I personally wouldn’t consider suicide baiting to be trolling. Passing
outright personal insults, or engaging in character assasination is also not
trolling.

These exhibit psycopathic behavior.

Also responding to insults with insults doesn’t mean the other side had just
become a troll as the cited study seems to imply.

------
dragontamer
> The more accountable we are for our behavior, the less potential we have of
> becoming trolls. Employing less anonymity may help, but this raises privacy
> concerns for many. Anonymity can also be a good thing. Benign disinhibition
> — the friendly sibling of toxic disinhibition — is where users freely
> discuss their deepest insecurities and concerns with other users. This can
> be very therapeutic and shouldn’t be discouraged. But by using anonymity
> only where it is necessary, we reduce the likelihood of toxic disinhibition.

This seems highly unlikely to me.

Consider Twitter, Blue-checkmarks, as well as Facebook. There are countless
trolls with verified identities. Indeed, "troll behavior" has permeated into
our political system and very public figures are openly using anti-social
language... to the benefit of their political movements.

From a Machiavellian perspective: people become trolls because it works. Its
an effective strategy for gathering like-minded followers, and to demonstrate
a "leadership" quality, one that demonstrates ambitious behavior.

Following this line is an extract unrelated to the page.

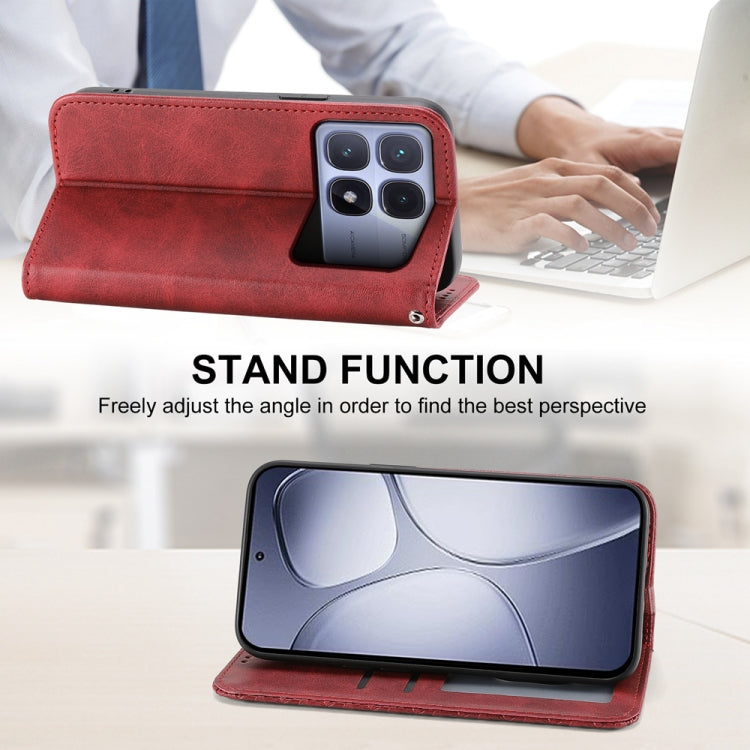 For Redmi K70 Ultra Cubic Grid Calf Texture Magnetic Leather Phone Case(Red)

Some political leaders are incredibly similar to trolls. Robespierre, Lenin,
Hitler. Yeah, we look down upon them decades later, but these figures were
hugely influential during their times and got a lot of things accomplished.

This article assumes that troll-behavior is not beneficial to the troll.
That's a horrible miscalculation. Troll-behavior certainly hurts the victim,
but it seems to benefit the troll in my experience. At a minimum, it benefits
them with followers (other trolls who want to help the greater cause).

\--------

So lets circle back to the top. Why do people become trolls?

Answer: Because its an effective strategy.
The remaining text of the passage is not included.